Thomas saw something dart toward him in the air. He groped in his pockets for his knife, but then the object struck him in the shoulder and his realized it was only Cathán, who had leapt from Elwood’s back toward his customary perch.

“Ho there, Thomas and Saf!” Cathán called, patting Thomas’s left ear. “The dog and I were looking for you. He’s a shy fellow but loyal and true. He was roving about whining after his master, and I heard him in the gloom of night and thought he must be a whisperwight or a banshee or some such monster, so I gave chase. Lo, there a brute of a dog, wandering in the swamp and howling for his boy! We gathered our wits and came back quick as we could; and here you are safe!”

Thomas smiled, watching Saf and Elwood embrace. “Did he tell you why they’re out in the bog?”

Cathán shook his head and his whispers tickled Thomas’s neck. “Shy fellow, as I said. But he did say something of interest.” Louder, the Mouse Knight addressed Saf: “Do you recall walking past a square stone building all covered in moss and dead branches, not too far from here?”

The boy disentangled himself from the dog and walked back to Thomas and Cathán. “Oh yes,” Saf replied, patting Elwood’s shaggy head. “It looked to me like a tomb, like a place where they’d bury some great warrior or wizard maybe.”

Thomas shared a meaningful look out of the corner of his eye with Cathán. “Do you think you could take us there?”

“Oh, I’m horrible with tracking!” said Saf with a grin. “But Elwood has the best nose of any man or beast. He’ll lead us right back there. Is that where you want to go?”

They returned to the makeshift campsite and roused Avery from his roost in the withered hazel. After three explanations of increasing simplicity, the raven captured what had transpired while he slept, and though he grumbled about the impetuousness of humans and mice and ‘foul lumps of fur,’ and the priority of sleep during trying times, he eventually agreed that finding the warrior’s bones and collecting the lichen was more urgent still, and would in fact allow them to escape the bog and return to decent places under the sun all the quicker.

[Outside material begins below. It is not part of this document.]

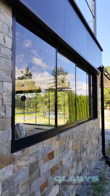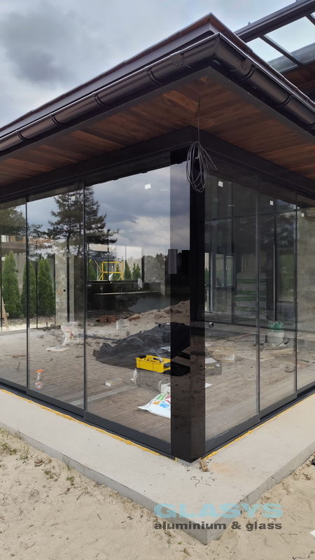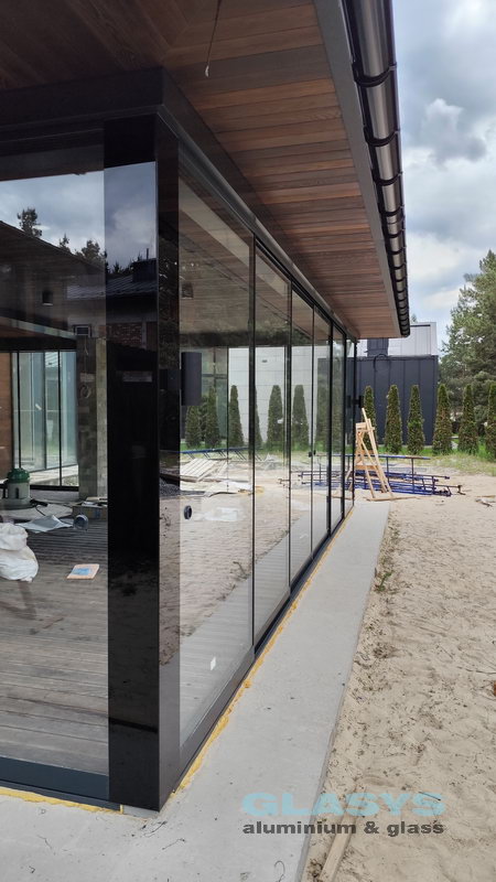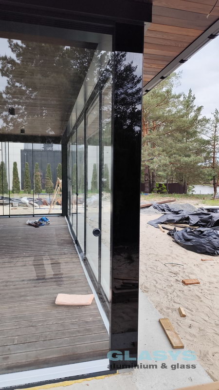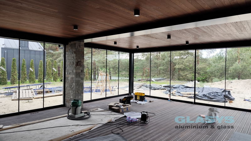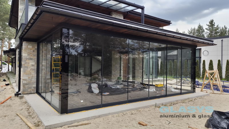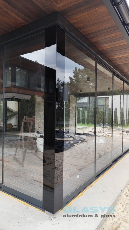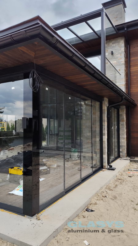 Замовник вирішив розширити корисну площу будівлі за рахунок заскленої терраси. Ідея полягала в тому, щоб мати можливість в холодний період року захиститись від опадів і вітру, а влітку мати можливість відкрити всі стулки і почувати себе на відкритому просторі.

So Thomas and Cathán and Avery packed up their belongings and set off deeper into Palewater Bog, following closely behind Saf and his dog Elwood. Thomas kept a careful eye on his surroundings. It was still the middle of the night, and the yellow haze of the bog was treacherous and dark. He could feel Sunday night shuddering under his steps as they carried him toward the black predawn of Monday.

Thomas also saw the ghost-lights flickering in the distance. They looked almost inviting, as though they were hearth-fires and cheery stoves with supper simmering. But Thomas, knowing the dark enchantments that lingered over places such as this, and remembering too well the sharp teeth and sharper howling of the sirens, turned his gaze away from the twinkling ghost-lights and marched onward toward the warrior’s tomb.